Additionally, customers using Maximo Assist v8.7 or v8.8 were flagged to not update and instead contact IBM Support for guidance regarding the removal of IBM Watson Discovery and the upgrade path to Maximo Collaborate v9.0. These issues underscore the importance of reading the release notes for your specific application stack before initiating an upgrade. The Feature Channel model helps here because you can test in non-production first, but only if you actually do the testing.
Practical Implications
For Maximo administrators and IT teams, MAS 9.2 changes three things about how you operate. First, the Feature Channel means you should shift from annual upgrade planning to continuous evaluation. Stand up a non-production environment on the Feature Channel and test monthly drops. This reduces risk and shortens the path to adoption. Second, the AI model change from Granite to GPT-OSS-120B means any custom AI workflows or prompts may produce different results. Test your existing AI-powered automations against the new model before deploying to production. Third, the user management consolidation eliminates a long-standing administrative headache. Plan to migrate your Manage-level user records to suite-level management as part of the upgrade.
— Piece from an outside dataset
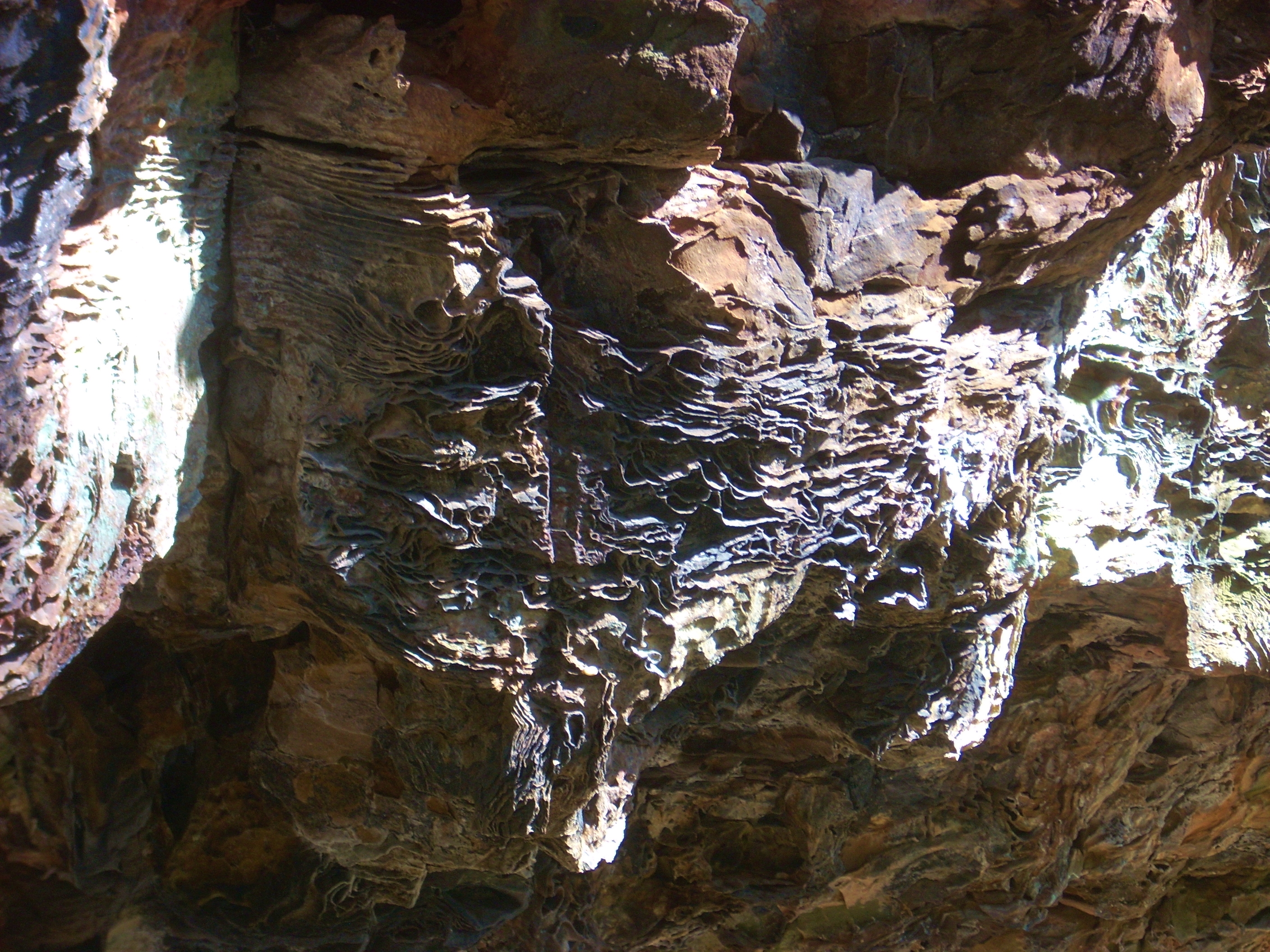 This is a section where you'll see some very interesting patterns in the rock faces and there were even some spots in which it looked like you might be able to do a little spelunking if it were allowed. As I write this, however, caving has largely been banned due to a disease (fungi based) that the bats have gotten. I’d see a notice regarding this later when I reached my turnaround point at the picnic area. It's said that bats can devour as many as 1000 mosquitoes in an hour! I’d sure hate to see the bat population depleted. They’re part of mother natures’ system of checks and balances.

For organizations on 7.6.1.x or 8.x, the message is clear: you are on unsupported software. MAS 9.2 is a mature, stable platform with significant AI, mobile, and integration capabilities. The longer you wait, the more technical debt you accumulate. Start planning now. Engage with IBM or a certified partner, scope the migration, and budget for the project. The AppPoints model gives you flexibility to start with what you need and scale as you grow. The Feature Channel means you will not face another massive upgrade gap, because updates arrive continuously.
Bottom Line
MAS 9.2 is not a dramatic departure. It is a solid, incremental release that matures the platform. The Feature Channel delivery model, AI model upgrade, infrastructure updates, and Manage usability fixes together represent a meaningful step forward. The known issues documented through the Feature Channel releases are being addressed proactively, and the continuous delivery model means fixes arrive monthly rather than requiring a full upgrade cycle. Organizations already on 9.1 should plan to upgrade within the next quarter. Organizations on earlier versions should treat this as the trigger to start their migration project. The platform is stable, the AI is practical, and the continuous delivery model means it will keep getting better without requiring major upgrade projects each year.